## WHAT IS EXPECTED
Copy each line, word for word, from the one with "Kahverengi ve bej" through the final line of the listing, but skip the pictures.

## PROVIDED DATA

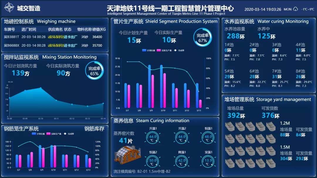 “每天系统高速运转,收集管片施工过程中人、机、料和施工过程等信息,实时盘点库存材料,时刻准备损耗率超限预警,显示当前材料可预制管片的数量,实时定位管片存放,实时显示存放量和可发货量,超量提前预警。”席睿是“一航智造”系统的主要设计成员,每每谈起这套系统,他的眼神中无不透露着自豪,“它让我们的工作变得越来越精确,越来越便捷!”
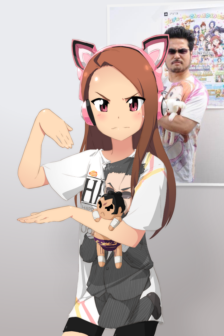 1boy 1girl animal_ear_headphones animal_ears bike_shorts black_hair blush brown_hair cat_ear_headphones cat_ears character_doll derivative_work doll facial_hair fake_animal_ears ganryu_(tekken) glasses harada_katsuhiro headphones idolmaster idolmaster_(classic) john_su kinnikuman long_hair minase_iori photo-referenced photo_(medium) photo_inset poster_(object) reference_inset reference_photo shirt stuffed_animal stuffed_rabbit stuffed_toy sweatdrop t-shirt tekken
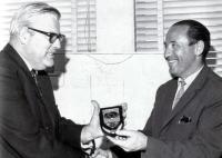 Член правительства Австралии вручает капитану советской сборной Александру Ипатенко награду за четвертое место в ралли-марафоне "Лондон—Сидней". Наша команда, одна из немногих, финишировала в полном составе.
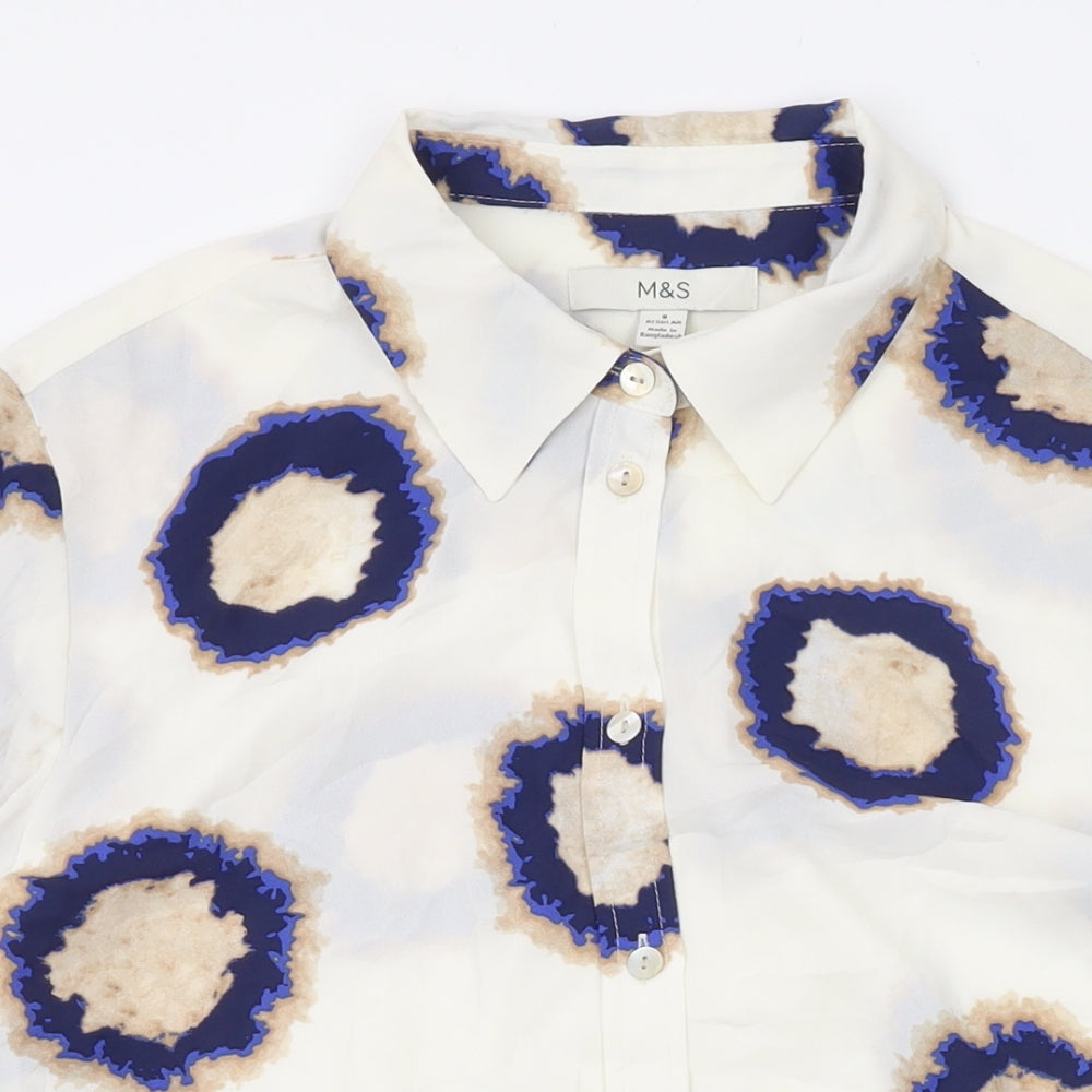 Womens White Geometric Polyester Basic Blouse Size 8 V-Neck
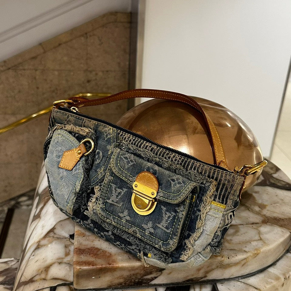 CELINE Macadam Boogie Denim Leather Hand Bag Blue
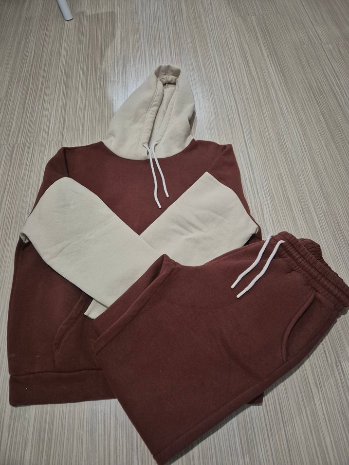 Kahverengi ve bej renk bloklu kapüşonlu üst ve kısa paçalı alt parçadan oluşan kadın eşofman takımı. Uzun kollu, bisiklet yaka, rahat kesim ve yumuşak dokulu kumaş ile günlük kullanıma uygun. Hafif kusurları var ama iyi durumda. tekliflere açık.
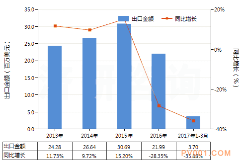 从出口额方面来看,济研咨询数据显示,2017年1-3月我国其他回转式齿轮泵出口金额为3.70百万美元,与上年同期相比下降了35.88%。2016年我国其他回转式齿轮泵出口金额为21.99百万美元,与上年同期相比下降了28.35%。详见下图:
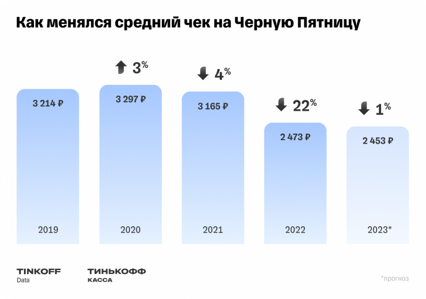 Средний чек в «Чёрную пятницу» снижается с 2019 года. В этом году он достигнет минимальных значений за пять лет — 2453 руб. По словам аналитиков, россияне совершают больше покупок по количеству, но по меньшей цене.
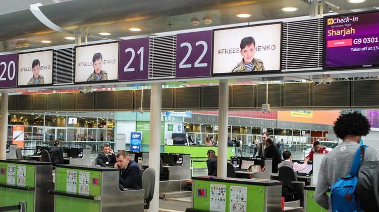 В международном аэропорту "Борисполь" на всех экранах, расположенных в здании аэроузла, появилось изображение украинской летчицы Надежды Савченко.
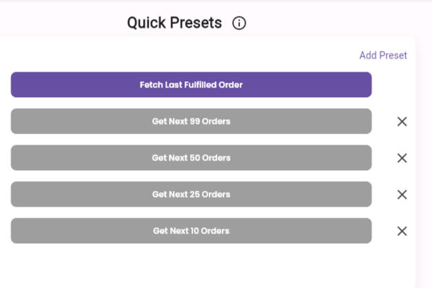 Quick Presets helps you get your last order, and then the next number of orders, whether it's 10 orders, or 99 orders.
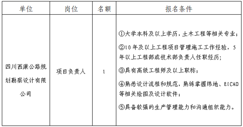 根據(jù)發(fā)展需要,決定面向社會(huì)公開(kāi)招聘雅安市交通建設(shè)(集團(tuán))有限責(zé)任公司(以下簡(jiǎn)稱“雅安交建集團(tuán)”)所屬子公司項(xiàng)目負(fù)責(zé)人1名,現(xiàn)將有關(guān)事項(xiàng)公告如下:
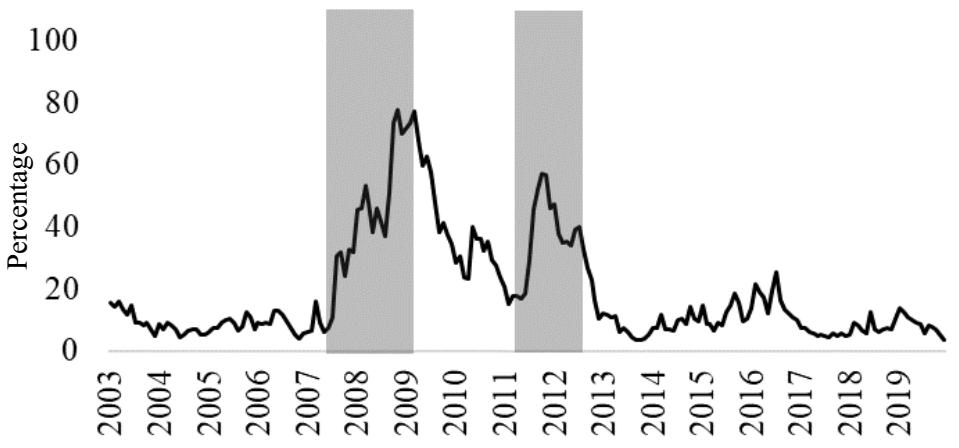 Through the composite indicator of systemic stress (CISS)2 presented in Figure 3, this study identifies the rise in systemic risk since months before the collapse of September 2008 and the subsequent tensions in sovereign debt segments that threatened the stability of the euro between 2011-2012. It is also possible to appreciate the moments of stability brought about by using the NCMP instruments, such as the decline in the index since mid-2009 with the first CBPP and the announcement of the OTM in August 2012.
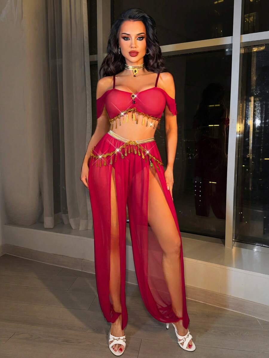 طقم 4 قطع مثير بترتر ذهبي مع بنطال بفتحة جانبية وسلسلة متدلية + تشوكر _ shein

## THE ANSWER
 Kahverengi ve bej renk bloklu kapüşonlu üst ve kısa paçalı alt parçadan oluşan kadın eşofman takımı. Uzun kollu, bisiklet yaka, rahat kesim ve yumuşak dokulu kumaş ile günlük kullanıma uygun. Hafif kusurları var ama iyi durumda. tekliflere açık.
 从出口额方面来看,济研咨询数据显示,2017年1-3月我国其他回转式齿轮泵出口金额为3.70百万美元,与上年同期相比下降了35.88%。2016年我国其他回转式齿轮泵出口金额为21.99百万美元,与上年同期相比下降了28.35%。详见下图:
 Средний чек в «Чёрную пятницу» снижается с 2019 года. В этом году он достигнет минимальных значений за пять лет — 2453 руб. По словам аналитиков, россияне совершают больше покупок по количеству, но по меньшей цене.
 В международном аэропорту "Борисполь" на всех экранах, расположенных в здании аэроузла, появилось изображение украинской летчицы Надежды Савченко.
 Quick Presets helps you get your last order, and then the next number of orders, whether it's 10 orders, or 99 orders.
 根據(jù)發(fā)展需要,決定面向社會(huì)公開(kāi)招聘雅安市交通建設(shè)(集團(tuán))有限責(zé)任公司(以下簡(jiǎn)稱“雅安交建集團(tuán)”)所屬子公司項(xiàng)目負(fù)責(zé)人1名,現(xiàn)將有關(guān)事項(xiàng)公告如下:
 Through the composite indicator of systemic stress (CISS)2 presented in Figure 3, this study identifies the rise in systemic risk since months before the collapse of September 2008 and the subsequent tensions in sovereign debt segments that threatened the stability of the euro between 2011-2012. It is also possible to appreciate the moments of stability brought about by using the NCMP instruments, such as the decline in the index since mid-2009 with the first CBPP and the announcement of the OTM in August 2012.
 طقم 4 قطع مثير بترتر ذهبي مع بنطال بفتحة جانبية وسلسلة متدلية + تشوكر _ shein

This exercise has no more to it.